Captains of Industry

Captains of Industry
Captains of Industry

Thursday, November 25, 2010

Hello Everyone from Pat Tzanis


A few new faces but the old gang seems pretty well intact and not a day older? We get a plastic surgeon join the group?

Brief update: I have been living in FL (Sanibel Island) for over 10 years now, time certainly does fly. Excel is doing well, three times the size since I moved to FL and increasing each year. We have been able to hold the profit margins consistently with the growth. The Company President, Mike Zanolli, has become a strong leader with solid results to his credit. Many of you have met Mike. He has been at Excel for 20 years. We have developed two generations of management and the old guys (40 Plus) are feeling the heat from the younger guys. Where that leaves me in the mix I'm not exactly sure. Grandpa? People always say that I missed something not having kids, I have a company full of them.

When I moved to FL the first two years of setting up remote management (some would say I was always remote) was difficult. We didn’t sell the home in VA just in case it didn't work out! After the learning curve the company began to run better then ever. Instead of me being involved in a lot of the details I play tennis and the managers are forced to solve their own problems. Seems they create fewer problems that way. We are selling nationwide by phone and have sales people in ten cities. In 2011 we plan on adding 6 additional sales people. I travel to Pittsburgh about once every 5 weeks, more if necessary but it seldom is. Last winter I was there once. Nasty winter.

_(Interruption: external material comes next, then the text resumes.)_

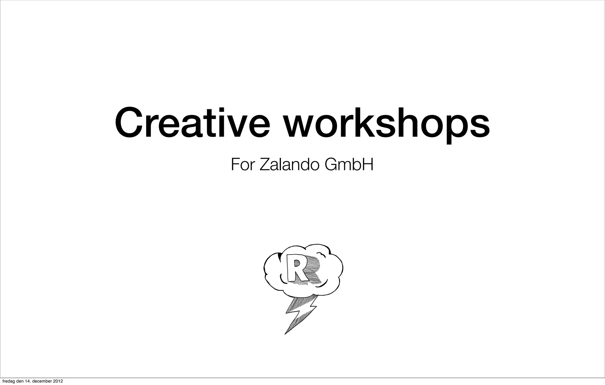The document discusses plans for creative workshops at Zalando GmbH. It aims to unlock employees' creative potential to improve the company and keep it at the forefront of the market. The workshops would teach collaborative problem-solving and new work methods to help employees and Zalando adapt to constant technological change. The goal is to increase co-creation across departments and conversion rates while making Zalando a more innovative organization.
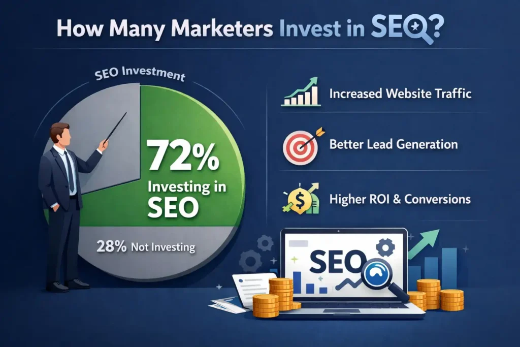64% of marketers actively invest in SEO. This statistic underscores the importance of SEO in driving organic traffic and improving online visibility.

I'm in the process of buying a computer services company solely because the young fellow that runs it (Matthew Reed) is brilliant, he reminds me of Tom. Tom of course is cool, Matthew is a geek. Obviously I get bored just playing tennis. The goal is to get Matthew out of the day to day and 100% focused on where his strengths are. Mike Zanolli will also add this company to his responsibilities and we will move one of our younger operating managers for the day to day.

We have developed several new products, one of which is called IT4CEO's. No, we are not going to make geeks out of CEO's but it is interesting to watch the CEO’s when they realize they and their management (other than the IT guy) don't know their main computer codes, their financial information isn't secure and what their IT people really do all day.

We have a talk called "5 things the CEO MUST know" which we just gave to the first Chamber of Commerce. Boy that room became very quiet quickly.

I had Matthew do an "audit" of Excel IT services 6 months ago and that was the clincher for me buying his company. I was the primary example of what you don’t know CAN really hurt you!

Along those lines, two years ago I had an audit by SBA, “Small Business Alliance”. . .a not so cleverly disguised enforcement arm of Microsoft, Apple and a few other software manufacturers. If you don’t know about this you need to immediately Google: "bust your boss." VERY few companies are in compliance and even if they are in compliance there is a bounty for sabotage. That is exactly what happened to Excel. A 12 year IT favorite employee got into financial trouble and figured he could get a big payday. Our problem started with a “SBA” demand letter for a six figure settlement and then it got nasty! It is a good story and will share it when I see you all next. How to avoid this is also part of the IT4CEO’s.

Some of my best business memories are our meetings and of course the parties. There is no question that some large measure of Excel's success was achieved from those conversations. I hope to see you all soon. I will come up for a meeting or you all should come here for one, like in February! Spend the money on meetings that we are all going to lose in taxes!!
We have sun, beautiful weather and beaches and we actually could meet for an hour or two???